There are several no viral options for gene delivery. The uncomplicated method is the direct introduction of therapeutic DNA into aimed cells. This approach has its disadvantage because it can be used only with certain tissues and requires large amounts of DNA.

Another nonviral approach involves the creation of an artificial lipid sphere with an aqueous core. This liposome, which carries the therapeutic DNA, is capable of passing the DNA through the defective cell's membrane.

Other way is done chemically linking the DNA to a molecule that will bind to special cell receptors. Once bound to these receptors, the curative DNA are swallowed up by the cell membrane and passed into the interior of the target cell.
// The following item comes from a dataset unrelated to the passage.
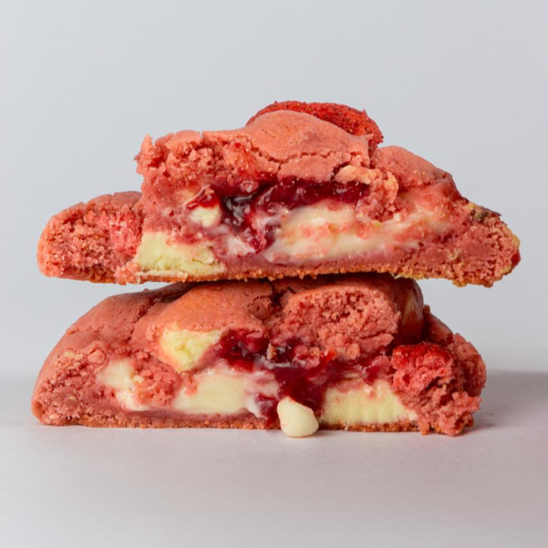 Um cookie que parece uma sobremesa: recheio cremoso de cream cheese com geléia caseira de morango massa tradicional com chocolate branco, finalizado com morango liofilizado.

It is not always successful yet disease can be eradicated for a person and their future offspring, so it is a remedy not just one generation but also in succeeding generations. . For example, a baby just born can undergo gene therapy in the womb to remove the breast cancer gene, as both parents had strong family histories of the cancer. As a result, unless the child is exposed to lots of carcinogens, child has no chance of developing the cancer. This is one of many cases where a genetic illness has been virtually eradicated.

Gene therapy has the potential to eliminate and prevent hereditary diseases such as cystic fibrosis and is a possible cure for heart disease, AIDS and cancer. Genetic disease can be cured by replacing non-functional gene with a functional one. This may give someone a chance of normal life.

Gene therapy can 'silence' a gene. In the case of someone with HIV, which had not yet developed into AIDS, scientists could save them the pain and suffering of the disease by using gene therapy to 'silence' the disease before its onset.


• Short-lived nature of gene therapy which makes the patients to undergo multiple rounds of gene therapy.
• Immune response is of stimulated that reduces gene therapy effectiveness which is always a potential risk.
• Problems with viral vectors - Viruses, which is used as vehicles in most gene therapy present a variety of potential problems to the patient --toxicity, immune and inflammatory responses, and gene control and targeting issues. In addition, there is always the fear that the viral vector, once inside the patient, may recover its ability to cause disease.
• Multigene disorders, such as heart disease, high blood pressure, Alzheimer's disease, arthritis, and diabetes, are caused by the combined effects of variations in many genes. Multigame disorders such as these would be especially difficult to treat effectively using gene therapy.
• Also, there are a few side effects. These include nausea and temporary drowsiness.
• For the diagnosis of disease in a fetus or embryo before it is born prenatal testing is performed. If an unborn carries any defective gene then their parent's definitely want to abort this child this may increase number of abortions. This is major disadvantage of gene therapy. This creates many ethical problems.


As gene therapy is uprising in the field of medicine. In the near future, every genetic disease will have gene therapy as its treatment. Gene therapy could be last cure for every genetic disease. Overcoming all its hurdles it would change our lives forever.

About Author / Additional Info:
I have done biotech in my under graduation and it interests me still.